ホームズとポアロ 〜アンソレイエ学園事件簿〜

「誰か……来た……?」

アルテミスが、わずかにかすれた声でつぶやいた。
記念塔の静寂が、張りつめた空気と共に凍りつく。

下の階から、再び軋むような足音。

ティリットが咄嗟に懐中電灯の光を消した。
月明かりだけが、かろうじて四人の顔を照らしている。

「隠れる場所を探して……!」

セレネが低く言い、すぐ近くの古びたカーテンの裏と、支柱の影へと身を滑らせた。

アルテミスとリベルタは、塔の壁に密着しながら耳を澄ませる。
足音はひとつ。
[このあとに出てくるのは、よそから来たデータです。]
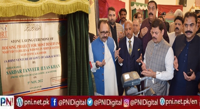 میرپور(آئی اے اعوان)وزیر اعظم آزادکشمیر سردار تنویر الیاس نے کشمیر آرفن ریلیف ٹرسٹ کے تعاون سے شہداء کے ورثاء،یتیم بچوں،بیوہ خواتین اور مستحق افراد کیلئے پانچ سوگھروں کی تعمیر کے بڑے منصوبے کا افتتاح کیا ۔وزیراعظم آزاد سردار تنویر الیاس نے اپنے دورہ میرپور کے دوران معروف رفاعی ادارے کورٹ KORT کے باہمی اشتراک سے شہداء کے لواحقین، بیواؤں اور مستحق خاندانوں کے لیے ہاوسنگ پراجیکٹ کا باضابطہ افتتاح کیا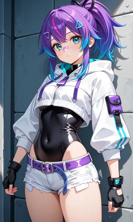 马尾辫,创可贴,脸上有创可贴,鼻子上有创可贴,腰带,黑色手套,黑色紧身衣,蓝色腰带,牛仔布,牛仔短裤,露指手套,手套,帽兜,帽兜下垂,连帽夹克,夹克,紧身衣,紫色腰带,超短裤,短裤,白色帽兜,白色夹克,白色短裤,

誰か一人が、確実に階段を上がってくる。

やがて、扉がゆっくりと開く。
そこに現れたのは、一人の教師だった。

アレクシア・ダール。
落ち着いた佇まいと知的な風貌の、歴史担当の女性教員。
昼間、理事長室前で時計の盗難を話していた中の一人だ。

「やはり、ここに来ていたのね」

アレクシアは誰に話しかけるでもなく、静かに呟いた。
そして、彼女は真っすぐに天井のMの場所へと向かった。

「知ってる? これはMemory(記憶)の頭文字なの」

まるで独り言のように語る声が、塔に反響する。

「この学園の真実を、忘れさせないための印」

四人は息を呑み、固唾をのんで見守る。

彼女は天井の仕掛けを開け、そこに残された空の箱を見て、ふっと小さく笑った。

「なるほど、あの子たちが先に辿り着いたのね」

その瞬間、セレネが壁際から静かに出てきた。

「どうして、ここに?」

問いかけの声には、警戒と確信の両方が滲んでいた。
アレクシアは、まるで驚いた様子も見せずに振り返る。

「それを聞くのは、私の方じゃないかしら?あなたたち、立ち入り禁止区域で何をしているの?」

他の3人もカーテンや壁から姿を現す。

「この場所を知っていて、しかもMの意味まで……あなたが犯人なの?」

アルテミスの言葉に、アレクシアは静かに首を振った。

「いいえ。けれど、私は知っているの。盗まれた時計と、この塔に残された記憶が、同じものを象徴していることを」

「それってどういう意味ですか?」
ティリットが前に出る。

アレクシアは少しだけ微笑む。

「本物の懐中時計には、ある記録が刻まれているの。C.L.ヴァレンタイン、創設者が遺した学園最大の秘密よ」

四人の顔が強ばる。

「つまり、犯人はその秘密を利用しようとしている……?」

リベルタの問いに、アレクシアは答えず、そっと視線を落とす。

「この先は、あなたたち自身で見つけなさい。私は手出しをしないと決めたの」

そう言い残して、アレクシアは階段を降りていった。